Morningstar’s Industry Pulse report, penned by equity research analyst Shaun Ler, forecast an expansion in both size and influence for profit-for-member funds.

The report highlighted that industry funds wield considerable power through default choice and mandatory contributions, placing pressure on fees while leveraging a wide array of investment opportunities, including unlisted options, thanks to their scale.

But the mounting popularity of industry superannuation funds is being propelled by the ongoing shift away from traditional active managers, according to Morningstar.

Namely, as capital flows diverge from actively managed asset classes, they gravitate toward low-cost exchange-traded funds and superannuation.

While ETFs offer diversification, lower fees, and easy access, Morningstar explained that default “MySuper” investment options are prized for their simplicity, cost-effectiveness, and diversified portfolios.

In fact, it predicted the shift to ETFs and industry funds from active managers to persist well into this year.

“Net outflows since early 2022 are a blow to active managers,” Morningstar said.

“Many underperformed passive funds amid the market downturn – contrasting with the usual claims. While some funds were recently reallocated to active managers, flows are sporadic, and their competitive positions are weakening.”
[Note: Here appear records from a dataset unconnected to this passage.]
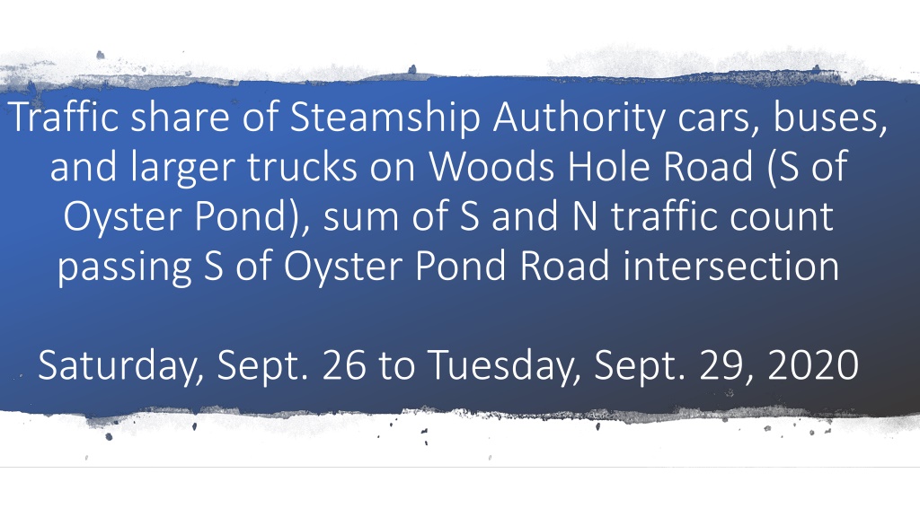 Analysis of traffic share data for Steamship Authority cars, buses, and larger trucks on Woods Hole Road during September 26-29, 2020. Includes traffic counts, occupied capacity data, and comparison with Cape Cod Commission data.
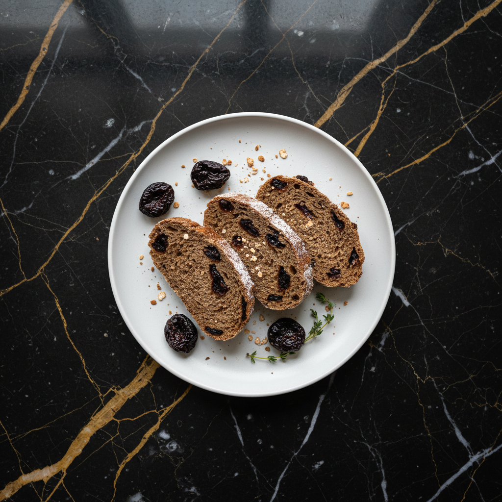 A dense, moist, and slightly sweet rye bread, enriched with the deep, fruity flavor of prunes. This bread is a testament to traditional Finnish baking, where rye and dried fruits are often combined for a hearty and satisfying loaf.
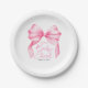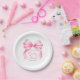 Add a cute touch to your baby shower celebration with this soft pink bow paper plates. Adorned with a delicate light pink ribbon design, these elegant plates blend sophistication with charm.

The report also suggested that only market gains and client flows from other active peers are likely to drive flows for active managers.

Traditional active managers, it said, will have to “perform and adapt, or lose”.
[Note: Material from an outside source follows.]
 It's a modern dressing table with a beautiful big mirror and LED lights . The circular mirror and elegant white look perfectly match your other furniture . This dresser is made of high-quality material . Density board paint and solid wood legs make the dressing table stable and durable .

According to the research, the most popular active funds in the year to January 2024, were from low-cost quant funds, newer boutiques excelling in non-traditional assets, or large diversified managers.

Among the top 10 active fund families by net flows during this period were Metrics Partners, Resolution Capital, Mercer, Talaria, and MA Financial, while Pendal, Schroders, State Street, and Vanguard were named among the list of “mature firms with legacy issues likely in outflows”.
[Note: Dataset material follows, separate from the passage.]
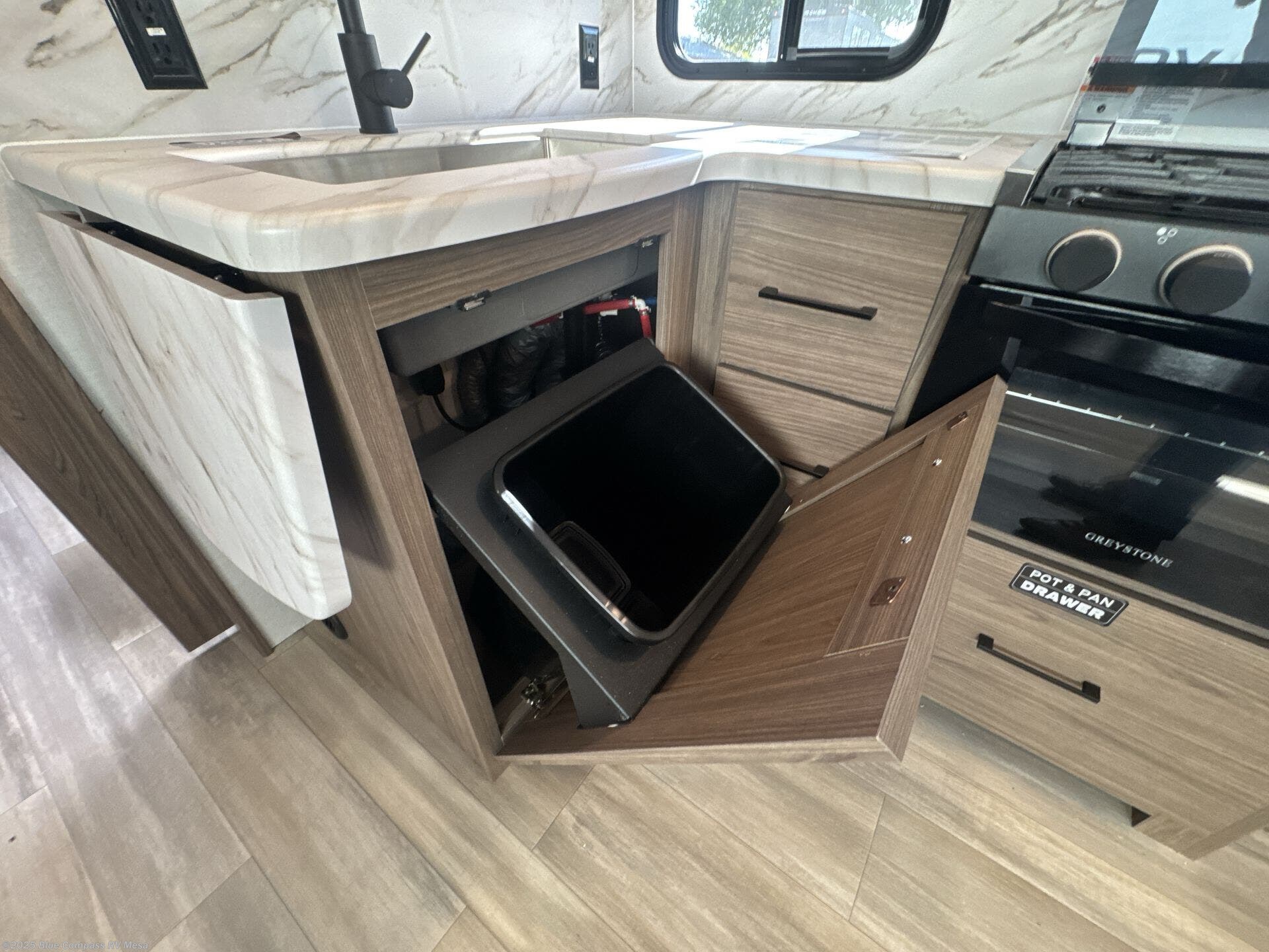 Form and function works together with every one of these Alliance RV Delta travel trailers! They are built with a walk-on roof with a seamless PVC roof covering, Mylar reinforced exterior seals, and a heated and enclosed underbelly to protect your unit in all seasons. The commercial grade vinyl flooring will be easy to clean and the oversized atrium windows throughout let in plenty of natural sunlight. With 62 cu. ft. of drop frame pass-through storage, you can bring along all of your essential camping gear plus it has USB charging for more convenience. There are many at home interior conveniences including a Bluetooth speaker, USB charging throughout, and even a pull-out kitchen trash can. Come find your favorite model today!

While wins are still likely, Morningstar reiterated that they would come at the expense of close peers.

“Flows improved at Challenger, GQG, Pinnacle, and Insignia, given robust performance and/or diversified product offerings. Magellan and Platinum face further redemptions, given weaker performance. It’s likely a zero-sum world for traditional active managers,” the report said.

Looking forward, Morningstar said that in the near to medium term, “better-performing and more diversified” firms like Challenger and Pinnacle are likely to have a swifter recovery in flows and operating margins.

However, it opined that Insignia and Perpetual offer the greatest relative value.

“We think the market underestimates flows and the potential value from cost cuts for both these firms,” it said.